Dr. Richard Reynolds of Imperial College London spoke of the importance of philanthropy to research during a December 2015 visit from Nigel Furmston, a supporter of multiple sclerosis (MS) research, who came to the Hammersmith Campus to award the scientist and his team £50,000 to continue its work into disease development.
Furmston, whose wife Sharon suffers from MS, organized two fundraising campaigns in 2015: a golf event in June that generated £30,000, and a Grand Autumn Ball at Kings Chapel, Buckinghamshire in November, that raised £20,000. Throughout the past six years, Furmston has raised £94,000 to help Professor Reynolds’ research.

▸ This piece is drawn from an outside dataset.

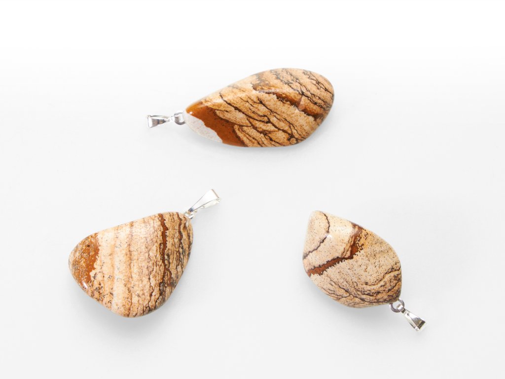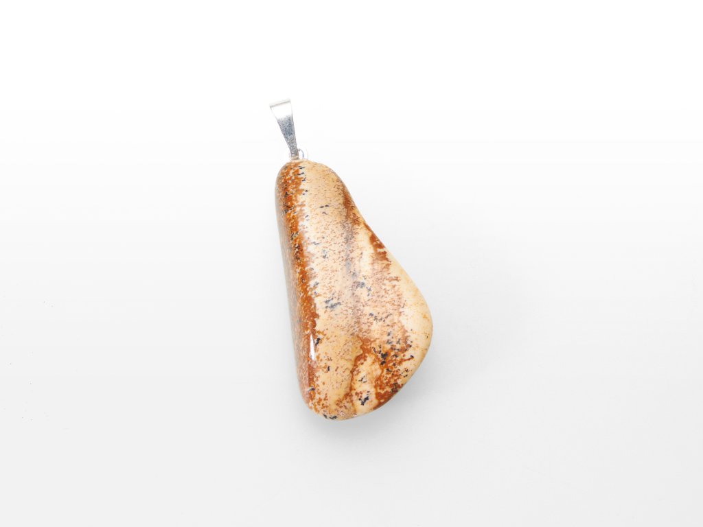 Popis kamene: Jaspisy tvoří vlivem obsahu velkého množství příměsí pestrobarevnou skupinu kamenů. Jaspis obrázkový za své hnědé zabarvení vděčí železitým oxidům. Jeho barevné partie často vykreslují zajímavé „obrázkové“ motivy, což mu přiřknulo i samotný název. Surovina pochází z JAR. Z hlediska složení se jedná o odrůdu chalcedonu, což je obecný název pro vláknitý kryptokrystalický křemen.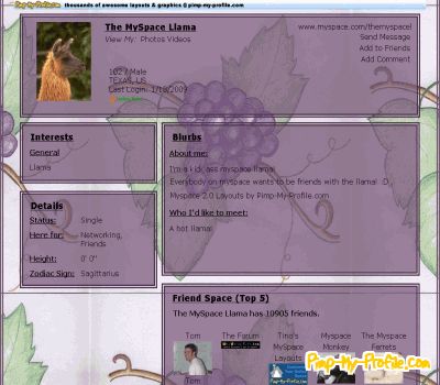 | Grapes Friendster Layouts | <<Prev Next>>  | Designer: catlover4205 Tools · Preview · Customize · Bookmark Current Rating:

“Nigel’s continued support has made such a difference to our research, and I am hugely grateful for his extraordinary efforts this year,” said Dr. Reynolds in a recent Imperial College news release. “Donations like his allow us to go beyond what would be possible through conventional funding alone. His donation will be spent on an important piece of equipment that would otherwise have been difficult to acquire.”
Dr. Reynolds, a professor of cellular neurobiology in the university’s Department of Medicine, is studying the underlying processes of MS progression, in the hope that his efforts will open the way to new therapies to stop or slow the disease.
The donated money will be used to acquire a scanning fluorescence microscope, allowing the scientists to capture brain tissue images of MS patients and study those areas of damage that have been marked with fluorescence.
“I’m delighted to know that Richard and his team are making so many important scientific breakthroughs in MS research and I look forward to continuing my fundraising activities further to support their work” Furmston said.
Multiple sclerosis is characterized by inflammation, demyelination, and axonal loss at various sites throughout the central nervous system. These pathologies lead to a loss of neurological function. Areas of inflammation and demyelination are thought to be responsible for the acute symptoms that occur during relapses, while the progressive loss of neurological function is thought to occur through a combination of a failure of remyelination, axon loss, and neurodegeneration.
Imperial College’s MS research group is looking into the cellular and molecular events that precede these pathological changes, in particular the failure of remyelination and progressive neurodegeneration, according to its website.
There’s no cure for MS, but treatments can help to accelerate recovery from attacks, modify the disease course and manage symptoms.